After doing three tests (alternating, Chrome, FF, Chrome, FF) and taking the averages, here are the results :
Download Speed Test (kb/s)
----------1----2----3
Chrome-8065-8192-8011
FireFox-9611-9712-9631

Upload Speed Test (kb/s)
----------1----2----3
Chrome--488--490--484
FireFox--489--481--493

Averages (download, upload in kbs)
Chrome = 8089.33, 487.33
Firefox  = 9651.33, 487.67

Does anyone know enough about Chrome to tell me why i get a 1.6mb/s difference??


----------



## chibicitiberiu

Google Chrome is not the final product yet. It is just a beta. 
I tried it, YouTube is not working and I simply refuse to use beta software, so I'll wait until the final product will come out.


----------



## Mitch?

Yeah i know it's beta 
one of the best things bout beta is being able to point out issues.
a 10% download speed difference is an issue


----------



## Motoxrdude

Try and download a file from a website and see if it downloads at normal speeds. Speedtest isn't always reliable.


----------



## thermophilis

I did the same thing  here's what I got for downloads in (kb/s):
Firefox: 18,423    24,609    24,164
Chrome: 16,066   17,925    17,105

Speedtest may be innacurate, but I highly doubt it's that innacurate, and those speeds aren't bad considering I usually only get about 6,000kb/s


----------



## alexyu

Here's mine:
Chrome:




Firefox:




IE7:






Chrome:




Firefox:




IE7:





I thought about including IE7 for fun, but...


----------



## curtains

OK so i was on Tgdaily.com (i donno if anyone reads that), but alota ppl was like wow chromes so cool .. "its so fast"

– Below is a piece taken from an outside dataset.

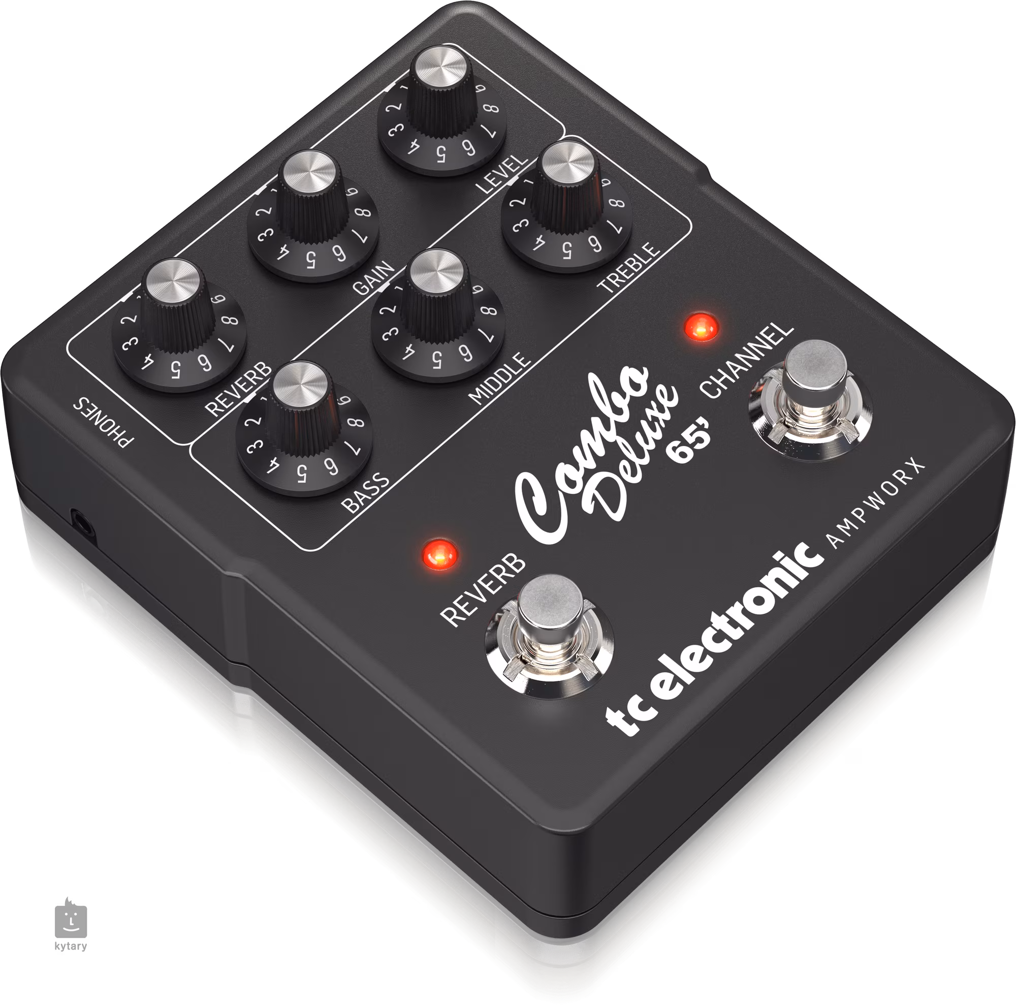 TC Electronic COMBO DELUXE 65' Preamp to dwukanałowy przedwzmacniacz w formacie efektu pedałowego, który wiernie oddaje brzmienie gitary Blackface Reverb Deluxe z 1965 roku. Posiada dwa kanały w klasycznym podziale Clean i More Gain/Crunch, regulatory w postaci trójpasmowego EQ i przełącznika Bright, potencjometry Gain i Level oraz oddzielną sekcję efektu reverb (próbkowaną z oryginalnego pogłosu sprężynowego Reverb Deluxe z 1965 roku) z regulacją intensywności efektu (Reverb) i EQ (Reverb Tone). Ustawienie kanału jest automatycznie zapisywane po jego przełączeniu.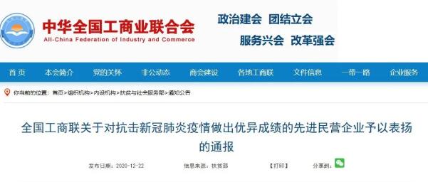為大力弘揚在抗擊新冠肺炎疫情中形成的偉大精神,充分激發(fā)廣大民營經(jīng)濟人士的責任感使命感榮譽感,廣泛凝聚眾志成城、共克時艱的強大正能量,2020年12月14日,中華全國工商業(yè)聯(lián)合會通報表揚了對抗擊新冠肺炎疫情做出優(yōu)異成績的先進民營企業(yè)。

i personally think its no faster than FF3 in terms of rendering pages, though i know its only a beta it does have a few issues i'll name the biggest issues i can think of.

firstly why put the tab bar at the top? i mean most peoples mouses usually sit somewhere near like eye level right? so when the tab bar is at the bottom of all the stuff (like in ff3) its faster to click right? but chrome has it at the top? which means further even thou its only like 2cm further away u can still feel it.

2ndly if ur a avid internet surfer like me and go on wikipedia and open a tab for everything interesting to read later, then u end up with 20+ tabs alot, first not about this they shrink the tabs and when u have 20+ tabs u an't read the name of the tabs(very annoying), 2ndly 20+ tabs on chrome uses 25% of my processing power non-stop (i'm running a e6400 at 3.2ghz(x2)) 25%!!! thats heaps ff3 only uses like 1%, 

it also uses slightly more ram!, open source!! so less secure... (as ppl can jst get the scource)

I'm gona stick with my FF3, just as fast if not faster, better tab positioning, and doesn't use 25% of my cpu power just to have 20+ tabs open.


----------



## Kornowski

Oh  So, IE7 is faster?


----------